▶ [Work request]
The whole listing below must be printed again exactly, images excluded.

▶ [Raw data]

>>>

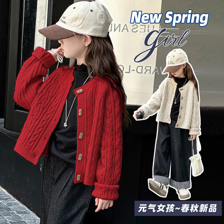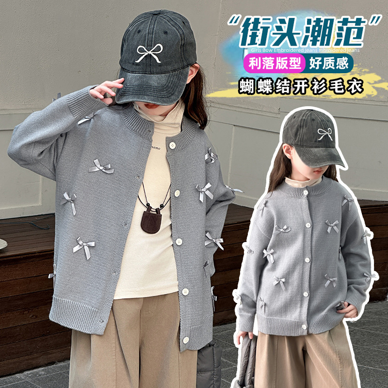 女の子の秋の服のコート2024の新型の洋気の春と秋の子供の早秋のカーディガンのセーターの大きい子供の蝶結びの上着
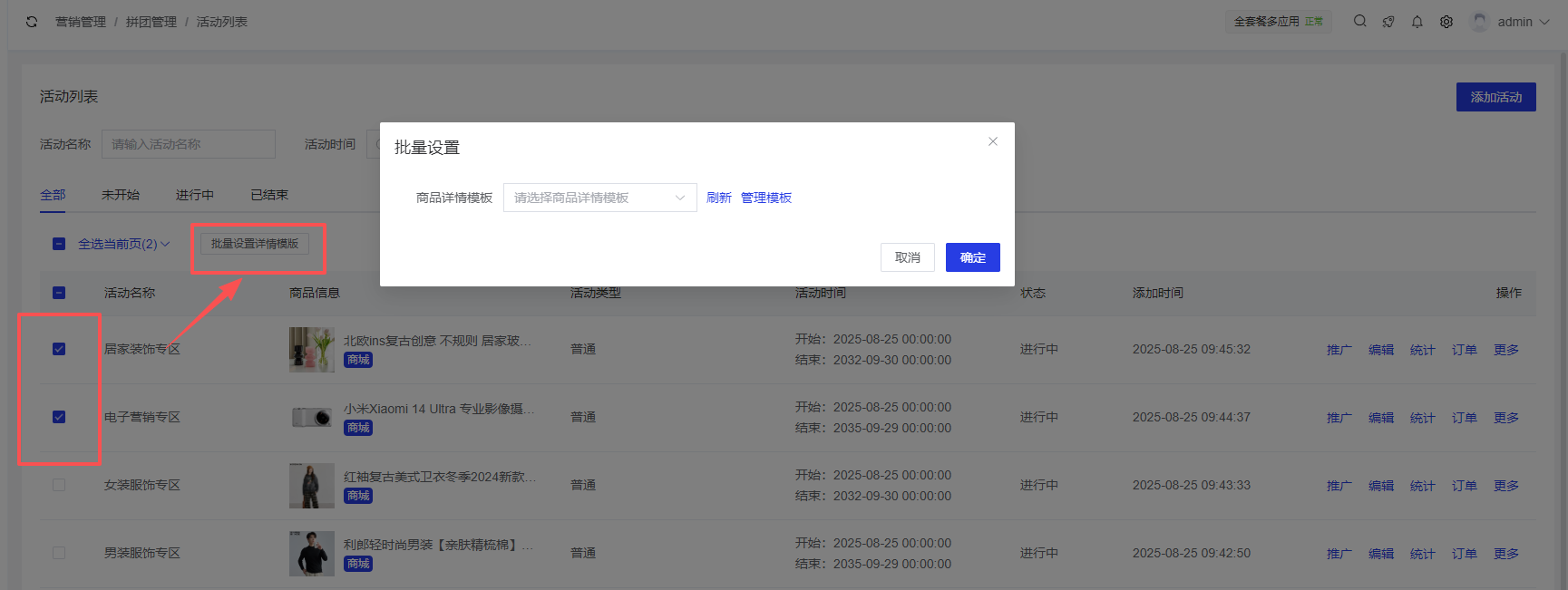 - 支持批量设置活动的详情模板
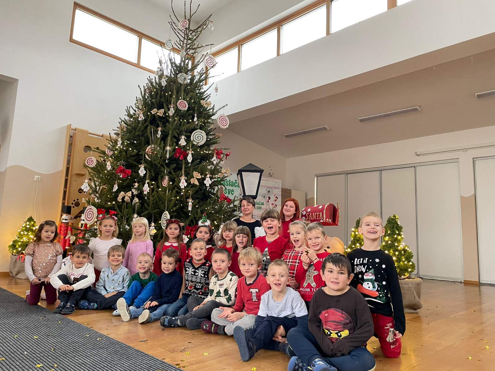 Također, u sobu nam je stigla i odgojiteljica Marija Vinković, koja nam je pričala o biti Božića. Pročitala nam je priču o Isusovom rođenju, a uz znakovne kartice pratili smo tijek priče. Nakon priče smo svi zajedno zapjevali razne božićne pjesmice, a otpjevali smo i pjesmicu na engleskom jeziku, We wish you a merry Christmas.
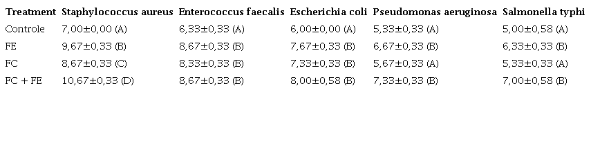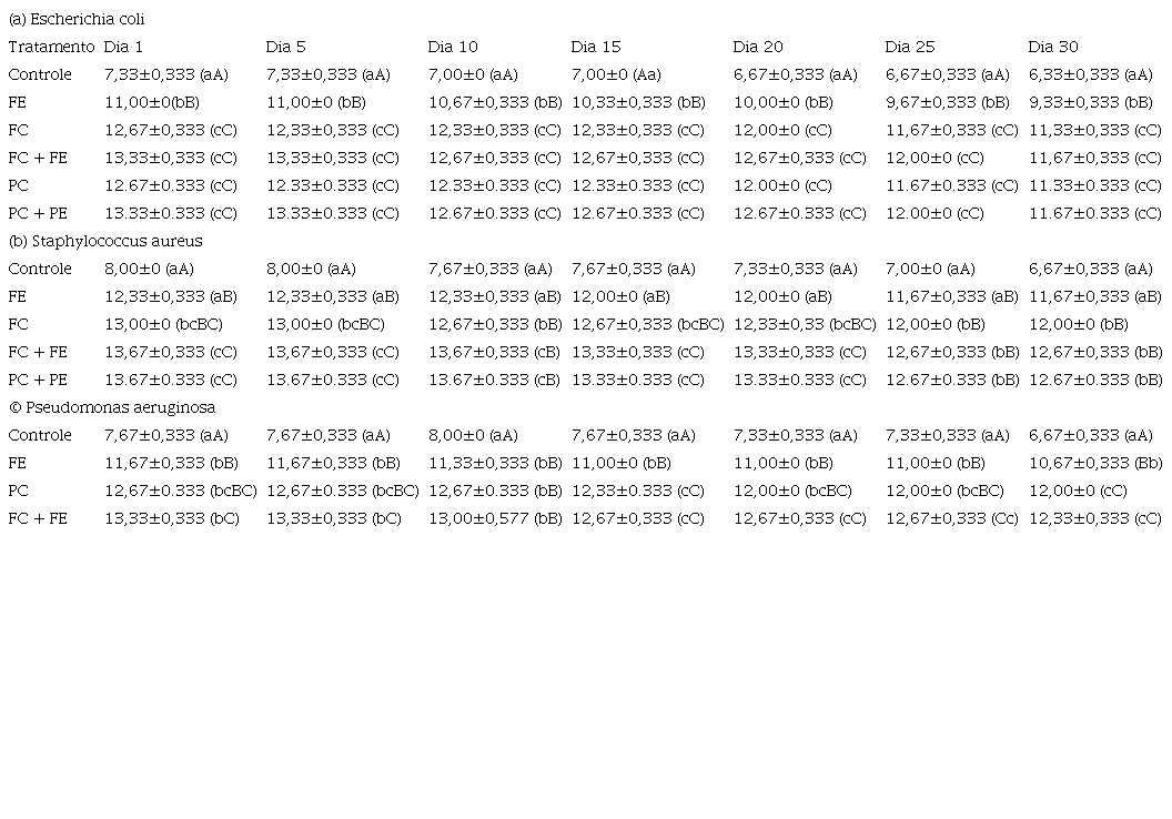 De acordo com a ANOVA de uma via e o teste de Tukey dos diâmetros das ZI, a maior atividade antimicrobiana contra S. aureus foi observada nos géis enriquecidos com FC + FE. Para E. faecalis e E. coli, não foi observada diferença estatisticamente significativa nas ZI entre os géis tratados com pigmentos. Entretanto, os géis contendo FE e FC + FE apresentaram a maior inibição contra P. aeruginosa e S. typhi (Tabela 3).

<<<

▶ [Task result]
 女の子の秋の服のコート2024の新型の洋気の春と秋の子供の早秋のカーディガンのセーターの大きい子供の蝶結びの上着
 - 支持批量设置活动的详情模板
 Također, u sobu nam je stigla i odgojiteljica Marija Vinković, koja nam je pričala o biti Božića. Pročitala nam je priču o Isusovom rođenju, a uz znakovne kartice pratili smo tijek priče. Nakon priče smo svi zajedno zapjevali razne božićne pjesmice, a otpjevali smo i pjesmicu na engleskom jeziku, We wish you a merry Christmas.
 De acordo com a ANOVA de uma via e o teste de Tukey dos diâmetros das ZI, a maior atividade antimicrobiana contra S. aureus foi observada nos géis enriquecidos com FC + FE. Para E. faecalis e E. coli, não foi observada diferença estatisticamente significativa nas ZI entre os géis tratados com pigmentos. Entretanto, os géis contendo FE e FC + FE apresentaram a maior inibição contra P. aeruginosa e S. typhi (Tabela 3).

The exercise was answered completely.